■ Exercise aim
In the listing below, locate the line with "ثلاث مساحات رئيسية" and the line with "- You will be", then output both and everything between them exactly, minus any pictures.

■ Provided entries
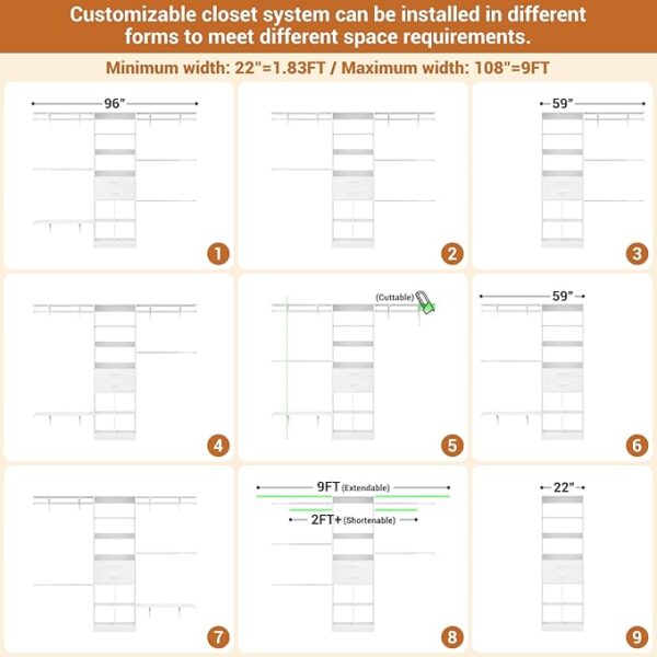 • Customizable Closet System – Besiost closet system with drawers is a valuable addition to your nursery organization and walk-in closets. The small modern closet comes with additional cuttable shelves and adjustable hanging rods, designed to fit well in nurseries of varying sizes. Width: 59″–96″, Height: 80″
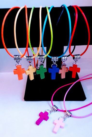 Een effen gekleurd kruisje (2,5 x 2 cm) aan een gekleurd koord.
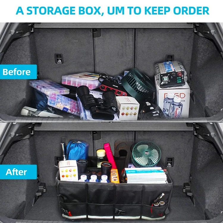 ثلاث مساحات رئيسية لتنظيم الأدوات والطعام والمعدات الرياضية والمنظفات وأدوات الطوارئ. أربعة جيوب جانبية شبكية تحمل أشياء صغيرة مثل المناشف أو البطاقات. جيب بغطاء أمامي يؤمن الاحتمالات والنهايات. يناسب الشاحنات وسيارات السيدان وسيارات الدفع الرباعي والشاحنات الصغيرة وأي مركبة تقريبًا.
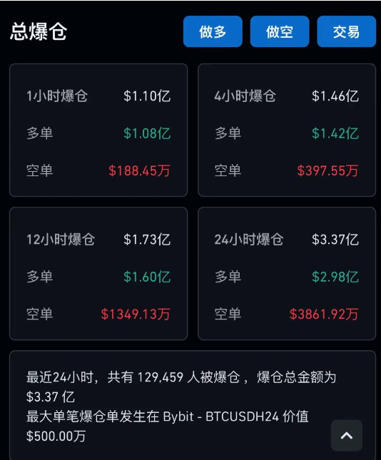 衍生品交易方面,CoinGlass数据显示,截至1月23日21时,24小时虚拟货币全网爆仓人数近13万,爆仓总金额高达3.37亿美元(约合人民币24.2亿元)。其中多单爆仓2.98亿美元,空单爆仓超3860万美元。
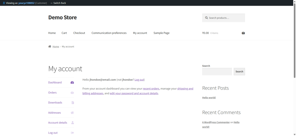 - You will be redirected to the store’s My Account page, now viewed as that customer.
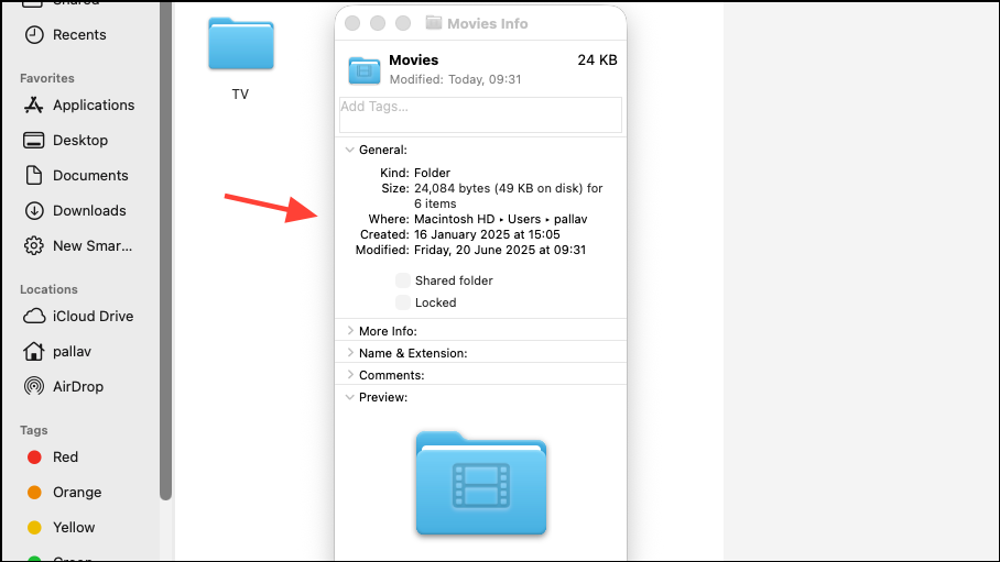 Step 2: Select the folder you want to customize, then press Command-I (⌘I) to open the Get Info window.

■ Solution for this problem
 ثلاث مساحات رئيسية لتنظيم الأدوات والطعام والمعدات الرياضية والمنظفات وأدوات الطوارئ. أربعة جيوب جانبية شبكية تحمل أشياء صغيرة مثل المناشف أو البطاقات. جيب بغطاء أمامي يؤمن الاحتمالات والنهايات. يناسب الشاحنات وسيارات السيدان وسيارات الدفع الرباعي والشاحنات الصغيرة وأي مركبة تقريبًا.
 衍生品交易方面,CoinGlass数据显示,截至1月23日21时,24小时虚拟货币全网爆仓人数近13万,爆仓总金额高达3.37亿美元(约合人民币24.2亿元)。其中多单爆仓2.98亿美元,空单爆仓超3860万美元。
 - You will be redirected to the store’s My Account page, now viewed as that customer.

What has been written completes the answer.